Cushney Roberts Tells the Story of Motown

Spectrum will appear with the Houston Symphony as part of our The Men of Motown concert this July at Jones Hall.

Spectrum will appear with the Houston Symphony as part of our The Men of Motown concert this July at Jones Hall.

On July 16, the Houston Symphony presents The Men of Motown Featuring Spectrum, a concert celebrating the rich musical legacy of some of Motown’s greatest artists. Headlining the concert will be the vocal ensemble Spectrum, one of the best Motown-style ensembles around. Spectrum vocalist Cushney Roberts took some time to share a bit of the remarkable history behind this music.
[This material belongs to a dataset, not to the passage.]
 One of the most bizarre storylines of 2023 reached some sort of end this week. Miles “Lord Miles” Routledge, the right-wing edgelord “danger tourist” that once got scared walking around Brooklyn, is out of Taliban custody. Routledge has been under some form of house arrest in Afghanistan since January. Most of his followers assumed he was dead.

Well into the 1950s, music recordings by American black artists were classified as “race” records and were typically forbidden or severely restricted from radio airplay on “white” stations. Many of the songs were rerecorded, or covered, by white artists who often prospered from broader airplay and sales while the original artists struggled. Perhaps most notably, songs by Fats Domino and Little Richard were covered by Pat Boone (“Ain’t That a Shame,” “Tutti Frutti” and “Long Tall Sally”); Big Momma Thornton’s “Hound Dog” was covered by Elvis Presley; and The Beatles covered Chuck Berry, the Marvelettes and Little Richard with “Roll Over Beethoven,” “Please Mr. Postman” and “Long Tall Sally,” respectively.

Since airwaves cannot be controlled, white audiences first heard these “forbidden” tunes on black-oriented radio programs. The demand grew, and white-orientated stations were pressured into playing recordings by the black artists. The “crossovers” moved into an arena where a larger, more lucrative audience awaited.
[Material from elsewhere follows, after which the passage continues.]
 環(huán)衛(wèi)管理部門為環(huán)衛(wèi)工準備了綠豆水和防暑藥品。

Spectrum I RCCL WR promo 2

“Groomed at Motown’s finishing school, well-mannered young black performers thrilled audiences with their flashy, yet classy, costumes and exquisite choreography.”

Paralleling the era of segregation in the 1950s and ’60s, Berry Gordy founded Motown Records, named for Detroit: Motor City. He envisioned a style and presentation of music that would capture the attention of all of America’s youth. By tapping into a deep pool of talented young performers, writers, musicians and producers, he mined great songs and presented them to an eager public. Groomed at Motown’s finishing school, well-mannered young black performers thrilled audiences with their flashy, yet classy, costumes and exquisite choreography.
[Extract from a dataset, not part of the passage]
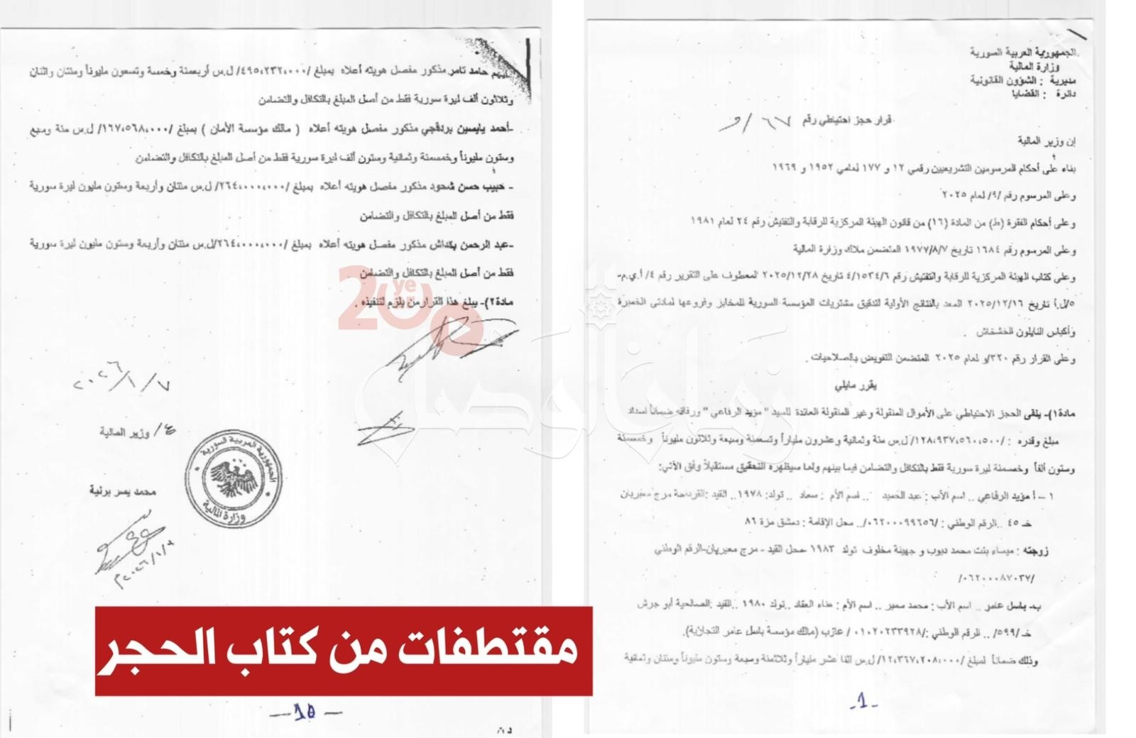 أصدر وزير المالية، الدكتور محمد يسر برنية، قرارا لعام 2026، قاضي بإلقاء الحجز الاحتياطي على الأموال المنقولة وغير المنقولة العائدة لـ"مؤيد الرفاعي" مدير فرع "الشركة العامة للمخابز الآلية" في ريف السابق، المنحدر من القرداحة في اللاذقية، ومجموعة كبيرة من شركائه وزوجاتهم. يأتي هذا الإجراء ضماناً لتحصيل مبالغ ضخمة تتجاوز 128 مليار ليرة سورية، وذلك في سياق تحقيقات تتعلق بمخالفات في مشتريات المؤسسة السورية للمخابز قبل التحرير.

Once on the airwaves, the music took root, and the cornerstone of the soundtrack of the 1960s and ’70s Vietnam and Civil Rights era found its place in American history. The Motown sound shared top rankings on the American pop charts with America’s British Invasion, while it made its mark on Britain and beyond. Gordy’s acts made regular appearances on The Ed Sullivan Show and numerous TV specials.

An American institution and unique musical and entrepreneurial phenomenon, Motown stands as a shining example of a merger of American ingenuity and talent.